_EXERCISE_
In the entries that follow, repeat exactly the lines from the one that has "Plus Size Christmas" through the one that has "Aluat de choux, craquelin, crema", but omit pictures.

_SUPPLIED DATA_
▼
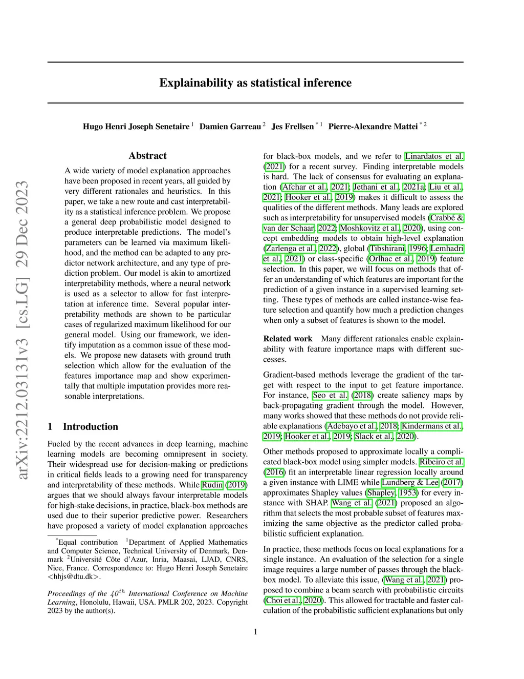 A wide variety of model explanation approaches have been proposed in recent years, all guided by very different rationales and heuristics. In this paper, we take a new route and cast interpretability as a statistical inference problem. We propose a general deep probabilistic model designed to produce interpretable predictions. The model parameters can be learned via maximum likelihood, and the method can be adapted to any predictor network architecture and any type of prediction problem. Our method is a case of amortized interpretability models, where a neural network is used as a selector to allow for fast interpretation at inference time. Several popular interpretability methods are shown to be particular cases of regularised maximum likelihood for our general model. We propose new datasets with ground truth selection which allow for the evaluation of the features importance map. Using these datasets, we show experimentally that using multiple imputation provides more reasonable interpretations.
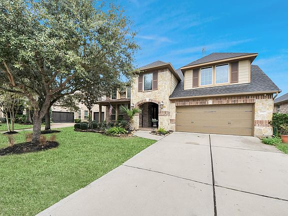 This 2 story Trendmaker built home offers 4 bedrooms (master and full guest down), 3.5 baths, and 3 car garage. Close to boutique shopping and tons of dining options, backs up to greenspace, zoned to Katy ISD (Stanley Elem, Seven Lakes Junior High, Seven Lakes High School). The kitchen features SS appliances, granite countertops, center island with seating for 4, and a walk-in pantry. Primary bedroom features an ensuite bath with French doors, separate sinks with makeup vanity, large corner whirlpool tub, separate shower and walk-in closet. Upstairs find 2 additional bedrooms, a full bathroom, a game room, and media room. Lots of special details including tray ceilings, built in water filtration in kitchen sink, spice racks in pantry, hidden kitchen trash, and granite counter tops throughout. Included: washer, dryer, refrigerator, media room equipment and chairs, pool table, mini fridge in media room.
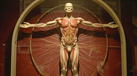 This image depicts a detailed anatomical diagram of the human body. The illustration shows the skeletal structure, muscles, and internal organs, all arranged within a circular frame. The figure stands with arms outstretched, emphasizing the symmetry and balance of the human form. This type of diagram is often used in medical studies and art to understand the intricate details of human anatomy.
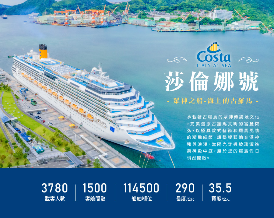 基隆/歌詩達莎倫娜號【郵輪16:00啟航】
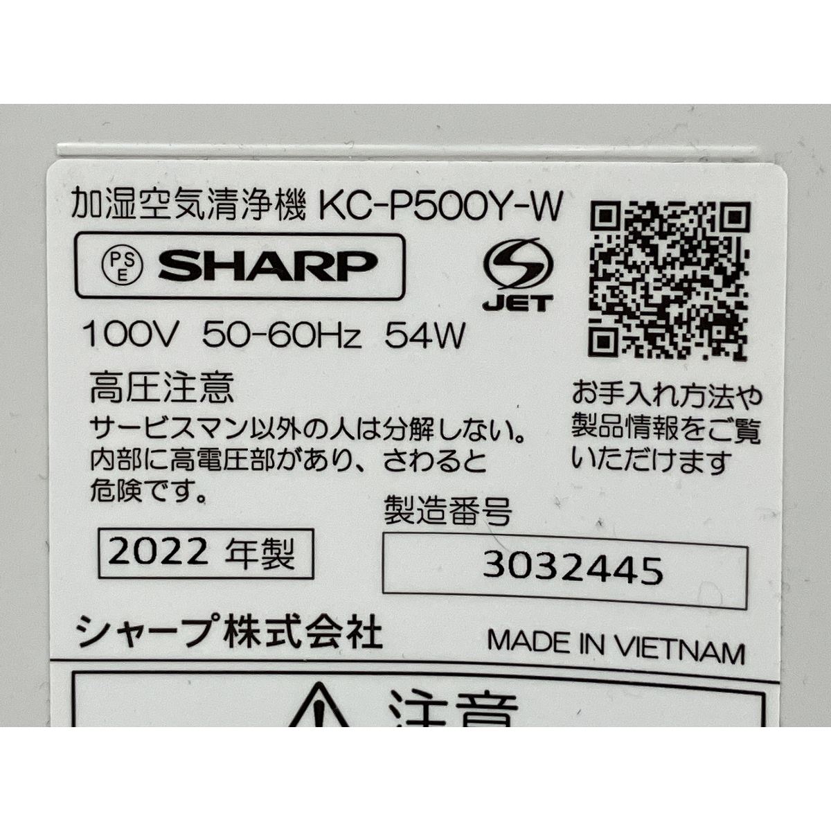 | SHARP KC-P500Y-W 加湿空気清浄機 可動品 プラズマクラスター 2022年製 シャープ 中古 O10299679 |
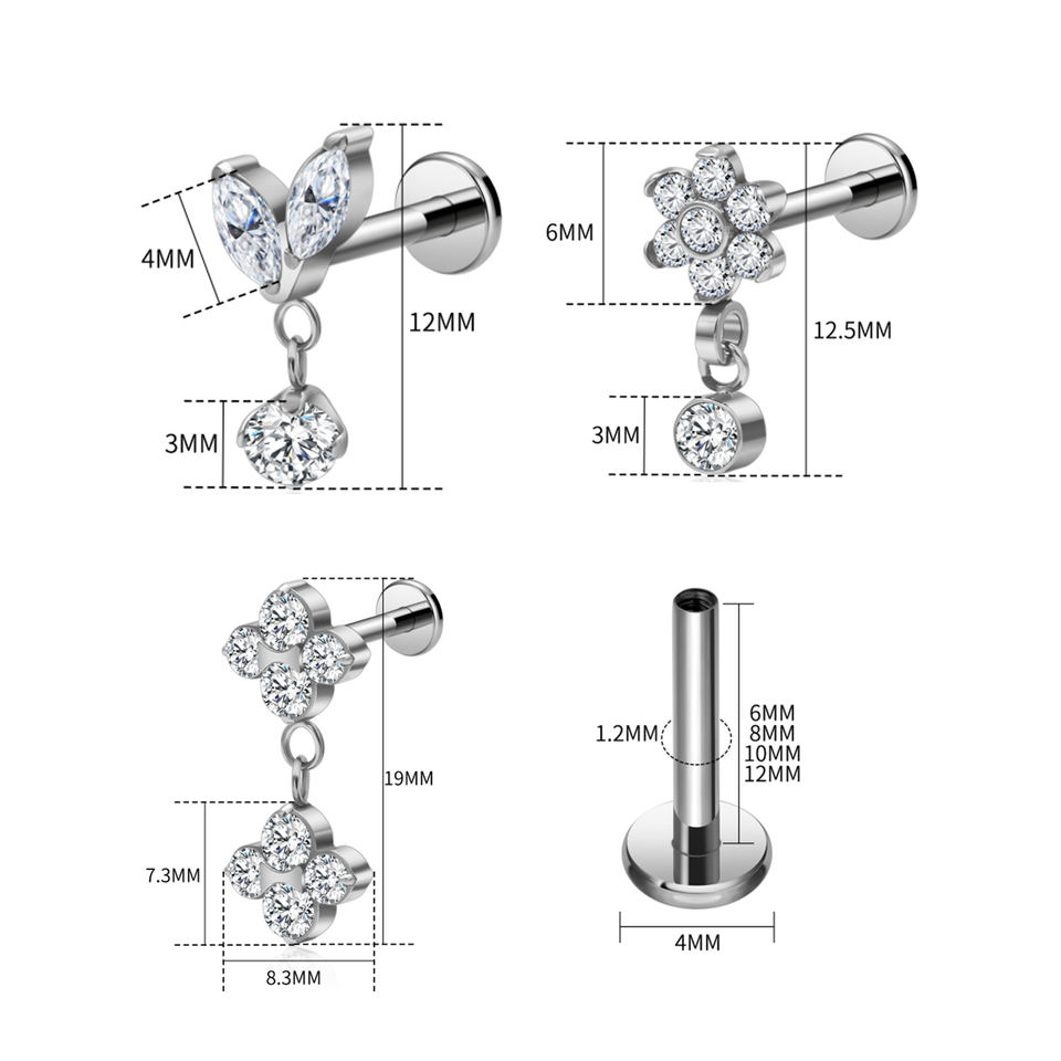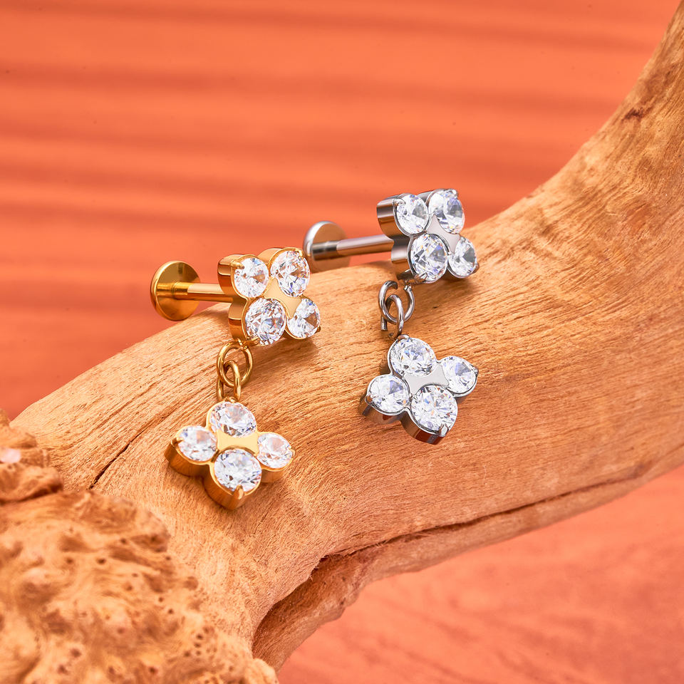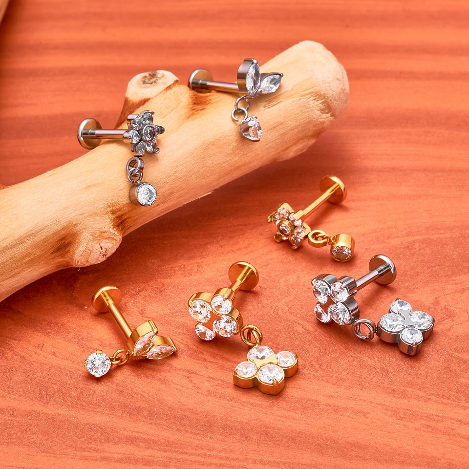 Boucles d'oreilles tendance en titane G23 16G avec double fleur CZ pendante et dos plat, pour piercing d'oreille, labret, lèvre, hélix, tragus, bijoux de fête
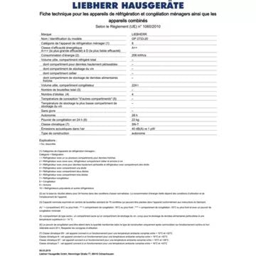 Congélateur armoire LIEBHERR GP2733-21 Reconditionné
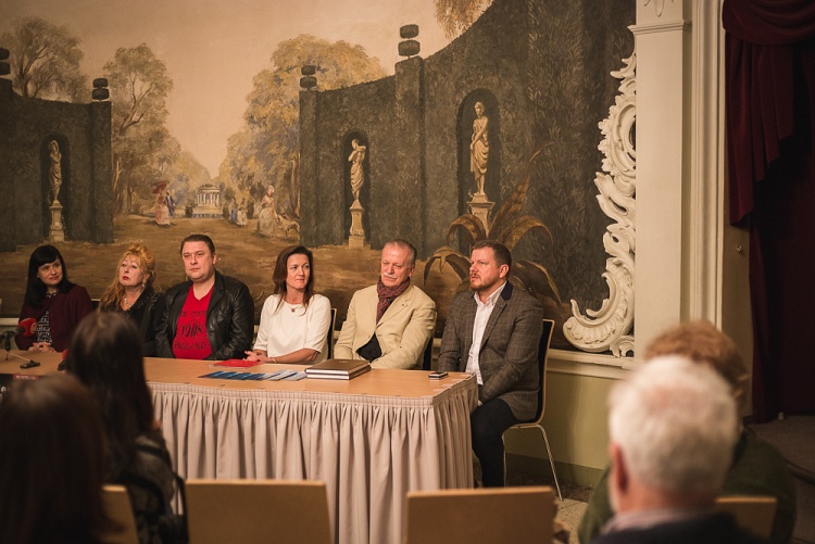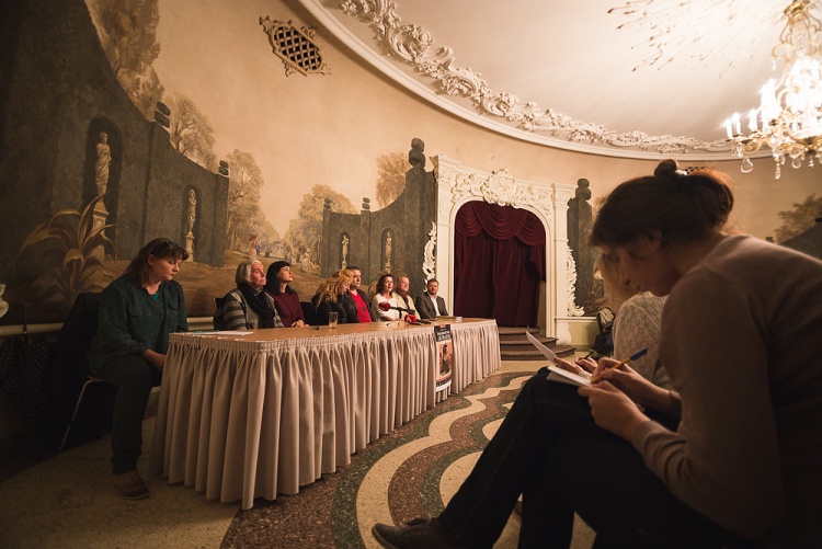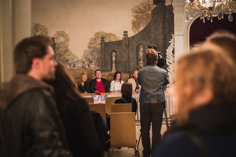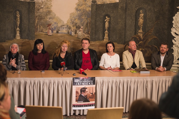 - Preses konferencē piedalījās (no kreisās) - Mākslas zinātniece un filmas konsultante Ingrīda Burāne; kinokritiķe Dita Rietuma; filmas režisore un producente Ilona Brūvere; galvenās lomas atveidotājs, aktieris Imants Strads; SIA Rīgas Nami valdes priekšsēdētāja Vineta Verika; Rīgas pieminekļu aģentūras direktors Guntis Gailītis un filmas komponists Ēriks Ešenvalds.
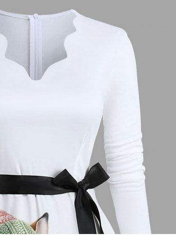 Plus Size Christmas Hat Elk Snowman Gift Box Print Scalloped V Neck Dress With A Belt - White - 5xl
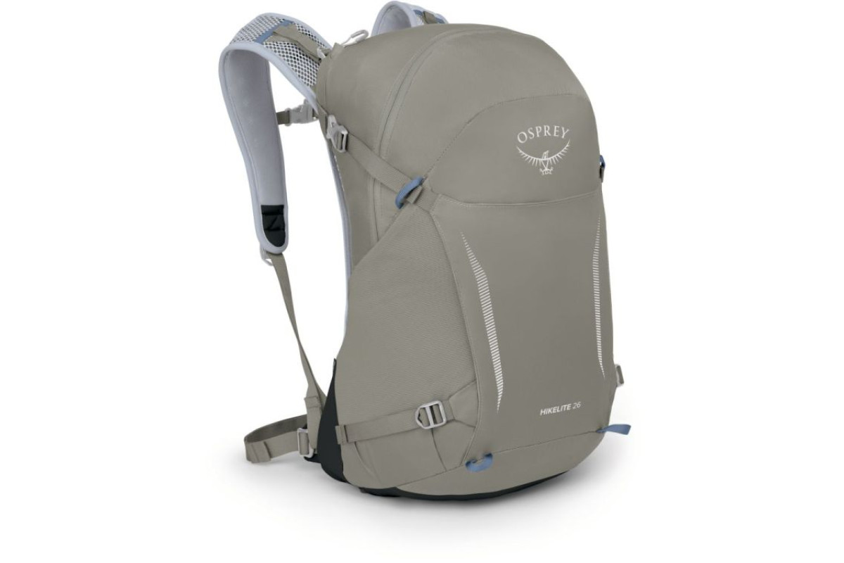 Прогулянковий рюкзак Hikelite 26 л вміщує все необхідне для нетривалого трекінгу та прогулянок у місті. Ви зможете помістити туди провізію, воду, карту та змінний одяг. Крім того, рюкзак має DWR покриття та рейнкавер. Є кишенька для питної системи гідратації об'ємом до 3 літрів. Osprey каже, що Hikelite 26 має (рекомендовану) вантажопідйомність від 2 до 11 кг. Він добре вентилюється на спині та плечах, щоб забезпечити вам комфорт під час напружених підйомів та у теплі дні. Оснащений стабілізуючою рамою LightWire , повітропроникною сітчастою спинкою і дихаючими плечовими ременями із сітки.
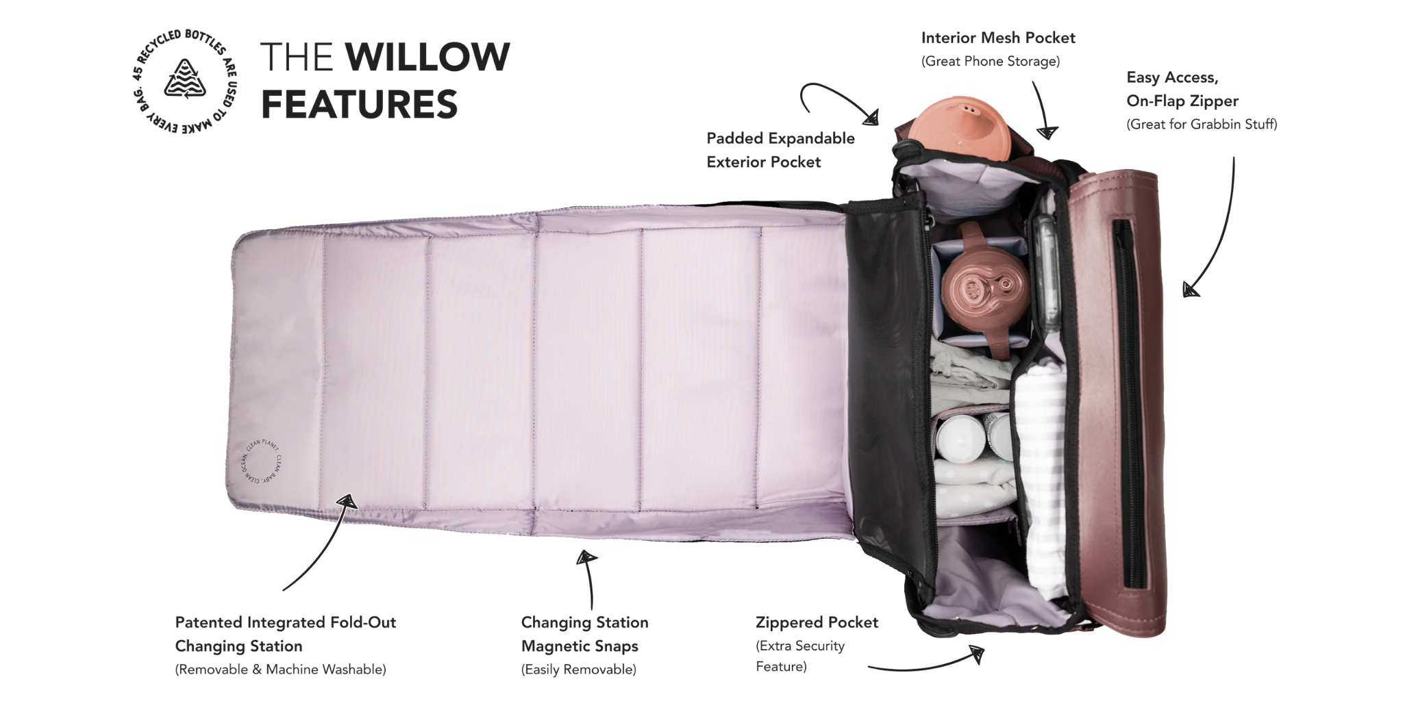 Making on-the-go diaper changes a breeze, anywhere, anytime. Meet the original diaper bag with a patented, integrated fold-out changing station, The Willow.
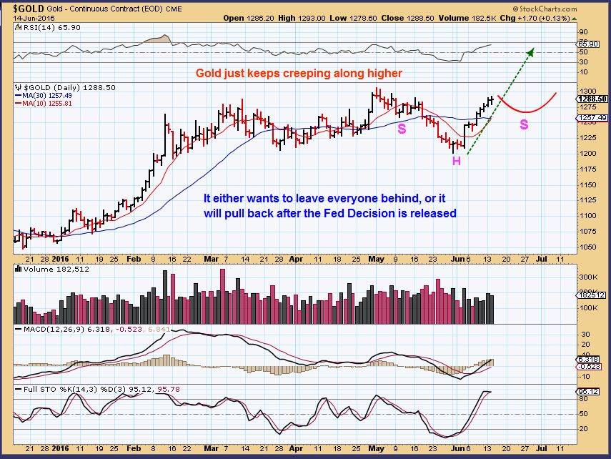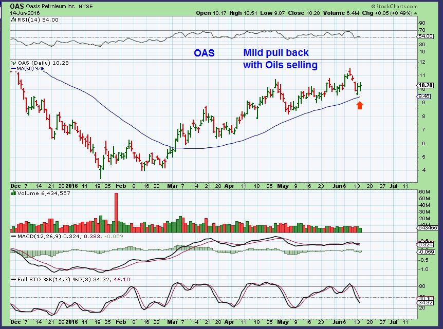 So what exactly will happen with the FED DECISION, especially since the BREXIT VOTE follows just 1 week later? Usually all you can count on is volatility at 2 pm. to the close and maybe into the following Thursday. I wanted to show the thinking on Miners, because I am Bullish on precious metals, but some of these have become a bit extended already. Will they run higher? They can, but I think chances favor seeing the bigger %-Gains from some of those that may not have been ready to run back in January – April. Some like AUMN are much higher risk, know & trade at your own risk level. Small positions are safer obviously. OIL is closing in on a DCL, and some Energy stocks are healthy looking, but not over extended. They too may be a better performer. I will cover more in future reports as things unfold and we see where we are. Patience pays off at times.
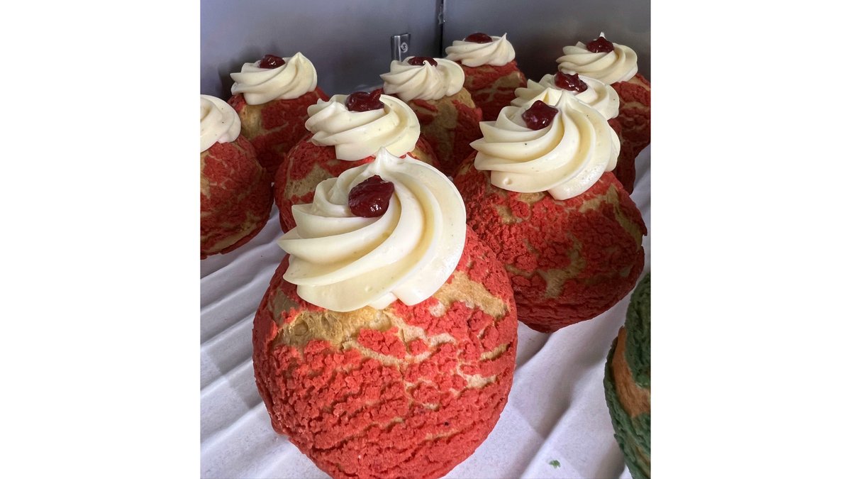 Aluat de choux, craquelin, crema de vanilie si insertie de capsuni
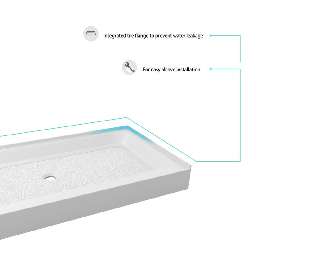 Upgrade your bathroom with our acrylic single threshold alcove shower base in glossy white and enjoy the perfect blend of style, safety, and quality for years to come! This rectangular masterpiece not only adds a touch of contemporary luxury to your space but also ensures top-notch safety and durability. Available in multiple sizes and three drain configurations (left, right, and center).
▲
_TASK OUTPUT_
 Plus Size Christmas Hat Elk Snowman Gift Box Print Scalloped V Neck Dress With A Belt - White - 5xl
 Прогулянковий рюкзак Hikelite 26 л вміщує все необхідне для нетривалого трекінгу та прогулянок у місті. Ви зможете помістити туди провізію, воду, карту та змінний одяг. Крім того, рюкзак має DWR покриття та рейнкавер. Є кишенька для питної системи гідратації об'ємом до 3 літрів. Osprey каже, що Hikelite 26 має (рекомендовану) вантажопідйомність від 2 до 11 кг. Він добре вентилюється на спині та плечах, щоб забезпечити вам комфорт під час напружених підйомів та у теплі дні. Оснащений стабілізуючою рамою LightWire , повітропроникною сітчастою спинкою і дихаючими плечовими ременями із сітки.
 Making on-the-go diaper changes a breeze, anywhere, anytime. Meet the original diaper bag with a patented, integrated fold-out changing station, The Willow.
 So what exactly will happen with the FED DECISION, especially since the BREXIT VOTE follows just 1 week later? Usually all you can count on is volatility at 2 pm. to the close and maybe into the following Thursday. I wanted to show the thinking on Miners, because I am Bullish on precious metals, but some of these have become a bit extended already. Will they run higher? They can, but I think chances favor seeing the bigger %-Gains from some of those that may not have been ready to run back in January – April. Some like AUMN are much higher risk, know & trade at your own risk level. Small positions are safer obviously. OIL is closing in on a DCL, and some Energy stocks are healthy looking, but not over extended. They too may be a better performer. I will cover more in future reports as things unfold and we see where we are. Patience pays off at times.
 Aluat de choux, craquelin, crema de vanilie si insertie de capsuni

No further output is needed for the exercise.